# O Speed Setting?



## Patmc13 (Jan 8, 2008)

What does the O Speed setting mean that reads in the dash?


----------



## NJG8GT (Nov 14, 2007)

I know you can have the dash readout display a digital speedometer if you want it too. Other than that I'm not sure.


----------



## GTO JUDGE (May 14, 2005)

Patmc13 said:


> What does the O Speed setting mean that reads in the dash?


You can set the Over speed sensor. It is fully outlined in the manual on the function of it and how to activate and deactivate it. 

What this does is, once it is activated to the desired MPH you want to be alerted to, it will beep every time you reach that mark. Mine is set at 90mph.

Don't be alarmed if you find after a few hours of uninterrupted driving you get alerted to take a break. You will be alerted with a chime and see a palm tree displayed on your cluster suggesting you take a break. This setting can be deactivated.

There is a wealth of knowledge in the manual. 

Welcome to the forum.


----------



## cwbimp (Nov 8, 2006)

i have had the rest indcator light come on it was weird


----------



## GTO JUDGE (May 14, 2005)

cwbimp said:


> i have had the rest indcator light come on it was weird


If you don't pull over within 30 minutes after the rest indicator comes on, the car automatically pulls off the side of the road, your seat reclines, the center console lid opens and a beer pops up. You cannot restart your car for 60 mins.

:cheers MMMMMMMMMMMMMMM


----------



## Mike_V (Mar 10, 2006)

Crap, another warranty issue - my beer dispenser's broken.


----------



## GTO JUDGE (May 14, 2005)

Mike_V said:


> Crap, another warranty issue - my beer dispenser's broken.


The dispenser only holds 12 oz cans. Something to do with legal limits and breathalyser tests.  If you put a 16 oz can in the dispenser it will jam. There was a TSB out on it. Pontiac made the dispenser to accommodate larger cans.
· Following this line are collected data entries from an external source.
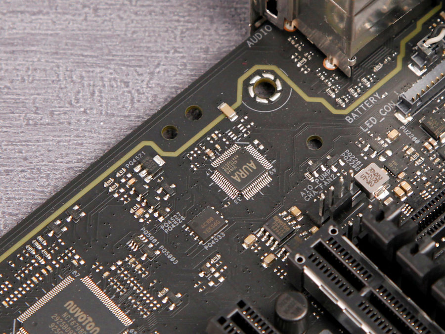 这款主板板载了一颗AURA芯片,用于精确控制AURA SYNC神光同步功能。
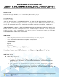 There are two choices for a culminating project for the play. You can have everyone complete the same project, which is to have groups work on a reimagined version of the play for the 21st century, OR you can give students a choice board of activities and have them choose their final projects.
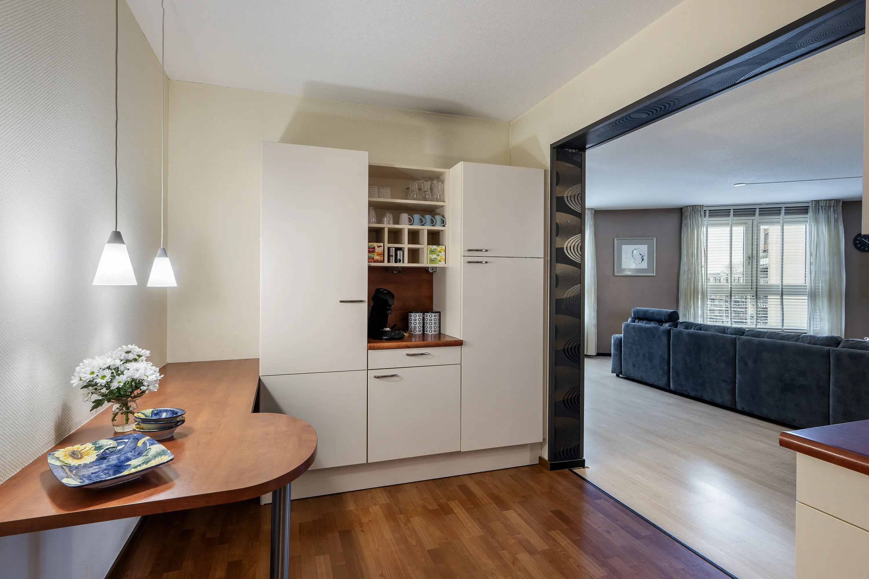 Grenzend aan de woonkamer bevindt zich een open doorgang naar de keuken.
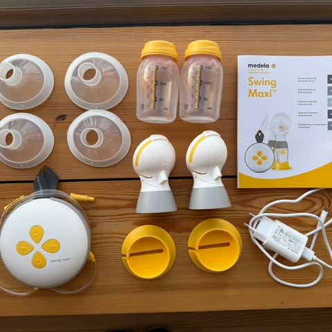 Medela Swing Maxi elektrisk brystpumpe med motorenhet, strømadapter, slanger og brystskjold/oppsamlingsskåler. Pumpen har betjeningsknapper på enheten for regulering av styrke og rytme. Settet inkluderer flere oppsamlingsdeler i plast som plasseres mot brystet for å samle opp morsmelk. Egnet for pumping av morsmelk hjemme eller på farten. Plastdeler kan tas fra hverandre for rengjøring i henhold til produsentens anvisninger.
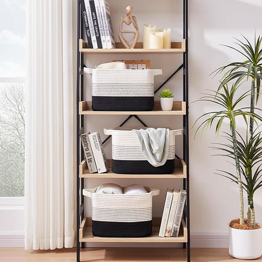 OIAHOMY Storage Basket, Woven Baskets for Storage, Cotton Rope Basket for toys,Towel Baskets for Bathroom - Pack of 3, Black
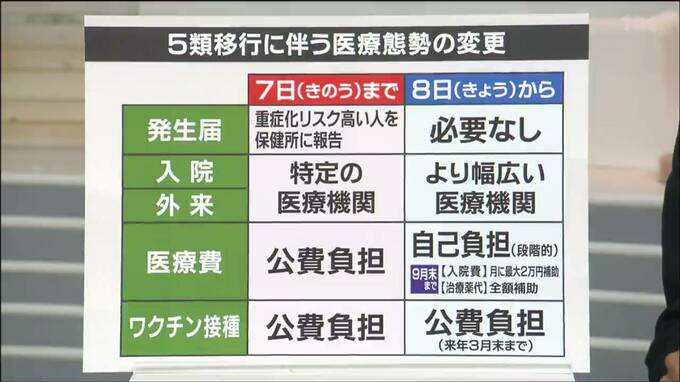 医師は重症化リスクの高い感染者について発生の届け出を保健所に出さなければなりませんでしたが、必要なくなります。また、入院患者は原則、感染症指定医療機関が受け入れ、外来も特定の医療機関で診療や検査が行われてきましたが、今後は、より幅広い医療機関に拡大されることになります。県は、最終的には全ての医療機関で入院や外来診療ができるよう支援するとしていますが、医療関係者からは不安の声も聞かれます。
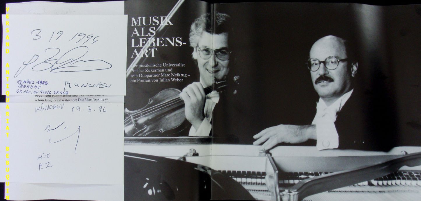 ZUKERMAN, Pinchas (Violinist) + NEIKRUG, Marc (Pianist): 2 eigenhändig signierte und datierte Autogrammkarte. München (Philharmonie), 19.3.1996. 8 x 12,5 cm. 2 Karteikarte in Programmheft. 12 S. mit zahlr. Abb. OKart. leicht gewellt. = Winderstein Konzerte. Pinchas Zukerman (* 16. Juli 1948 in Tel Aviv) ist ein israelischer Violinist, Bratschist und Dirigent. Marc Neikrug (* 24. September 1946 in New York City) ist ein US-amerikanischer Komponist und Pianist. Ab Mitte der 1970er Jahre trat Neikrug als Duopartner von Pinchas Zukerman auf. Seit 1998 ist er künstlerischer Leiter des Santa Fe Chamber Music Festival. Seine Laufbahn als Komponist begann 1966 mit einem Klavierkonzert. Bekannt wurde er durch sein Musiktheaterstück Through Roses (1980). Das Auftragswerk der New Yorker 92nd Street Y erzählt die Geschichte eines Geigers, der Auschwitz überlebte. Es wurde in elf Sprachen übersetzt und erlebte über 500 Aufführungen in fünfzehn Ländern. (Wikipedia)

Another design flaw. You have to take your car in and have a smaller dispenser installed, this will prevent the schtukness.


----------



## NEXSTAR7 (Jan 28, 2007)

mine comes up with a mini keg , by GTO PERFORMANCE in montauk:cheers


----------



## Mike_V (Mar 10, 2006)

GTO JUDGE said:


> You have to take your car in and have a smaller dispenser installed, this will prevent the schtukness.


I just tested with Foster's (BINGO) problem solved.
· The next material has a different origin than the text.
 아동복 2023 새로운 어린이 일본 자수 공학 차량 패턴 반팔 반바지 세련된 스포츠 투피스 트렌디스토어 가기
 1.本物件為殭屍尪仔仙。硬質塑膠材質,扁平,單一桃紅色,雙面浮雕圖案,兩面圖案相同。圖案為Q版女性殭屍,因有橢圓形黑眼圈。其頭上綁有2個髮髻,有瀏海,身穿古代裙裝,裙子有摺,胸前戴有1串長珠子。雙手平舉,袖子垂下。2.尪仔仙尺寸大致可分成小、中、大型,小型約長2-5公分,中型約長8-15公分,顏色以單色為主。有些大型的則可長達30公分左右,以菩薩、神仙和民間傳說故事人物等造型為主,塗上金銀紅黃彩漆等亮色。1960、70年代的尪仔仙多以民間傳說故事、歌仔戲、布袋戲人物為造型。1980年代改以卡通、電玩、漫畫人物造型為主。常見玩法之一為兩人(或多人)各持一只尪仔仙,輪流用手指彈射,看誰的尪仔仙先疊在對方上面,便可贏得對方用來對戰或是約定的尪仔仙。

I heard, and this may be a myth, that when you get the fuel warning and keep driving it changes to another warning - like when you're down to almost fumes.

Anyone know if this is true and what the warning looks like? If it's a guy carrying a gas can or something, that would be too funny. I know when I first saw the picnic table and tree in the rest alert I laughed my A off.


----------



## GTO JUDGE (May 14, 2005)

Mike_V said:


> I just tested with Foster's (BINGO) problem solved.
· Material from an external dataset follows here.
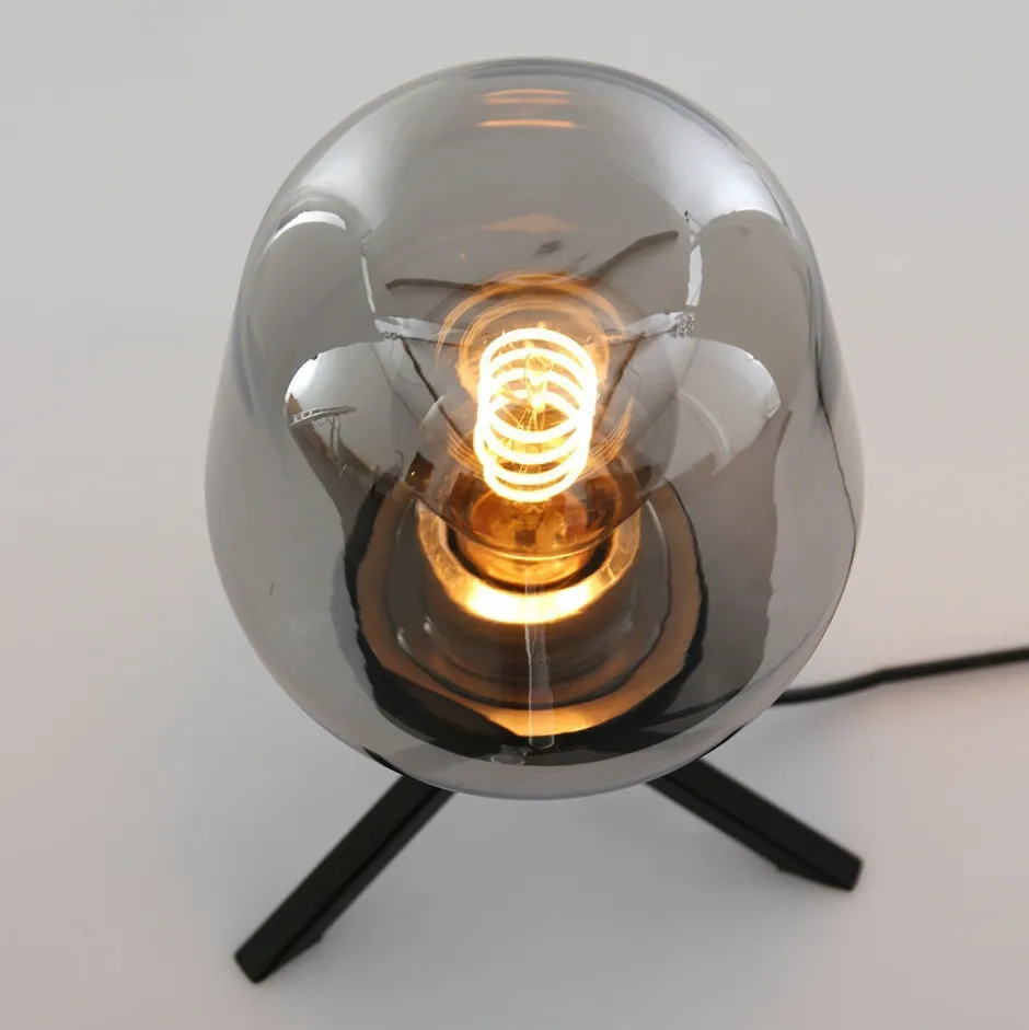 Moderne Tischleuchte aus Metall und Glas in Schwarz und Rauchgrau
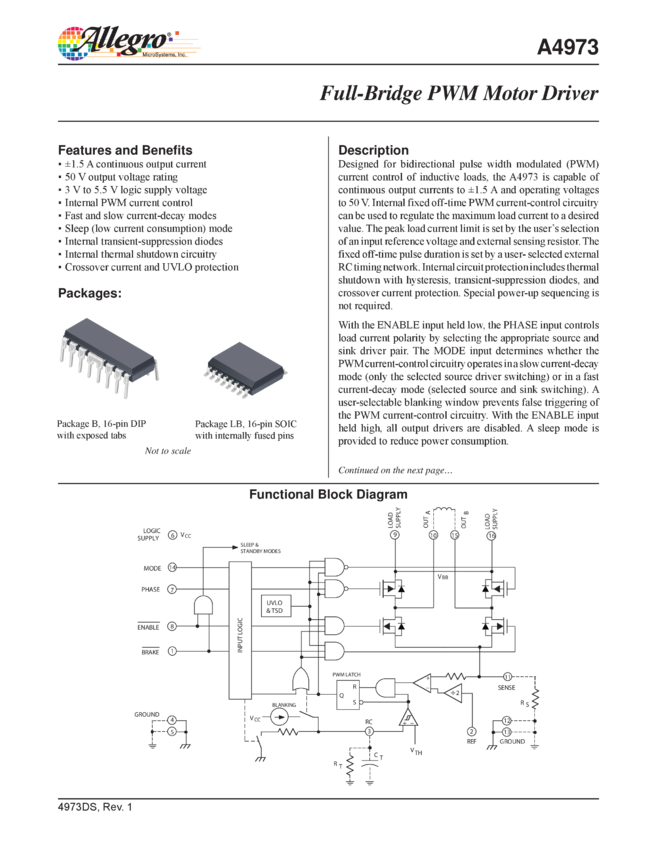 Sterownik szczotkowego silnika DC, napięcie wyjściowe 5 - 50 V, prąd wyjściowy: 1.5 A, pojedynczy pełny mostek

IMO since the car was built down under, Holden wants us drinking beer from down under. After market beer may void the warranty.


----------



## NJG8GT (Nov 14, 2007)

*montauk?*



NEXSTAR7 said:


> mine comes up with a mini keg , by GTO PERFORMANCE in montauk:cheers


Ive been there once, fishing 80 miles off shore for tuna with a guy named Larry who owns a glass business near there.:seeya:


----------



## GTO JUDGE (May 14, 2005)

NJgoat said:


> Larry


"Lord I apologize and bless all the starving pygmys down in New Guinea, amen."


----------



## cwbimp (Nov 8, 2006)

yea it goes fuel low then fuel very low you can drive passed the 0 mile mark on the read out i have done it severl times


----------



## EEZ GOAT (Jul 9, 2005)

funny stuff


----------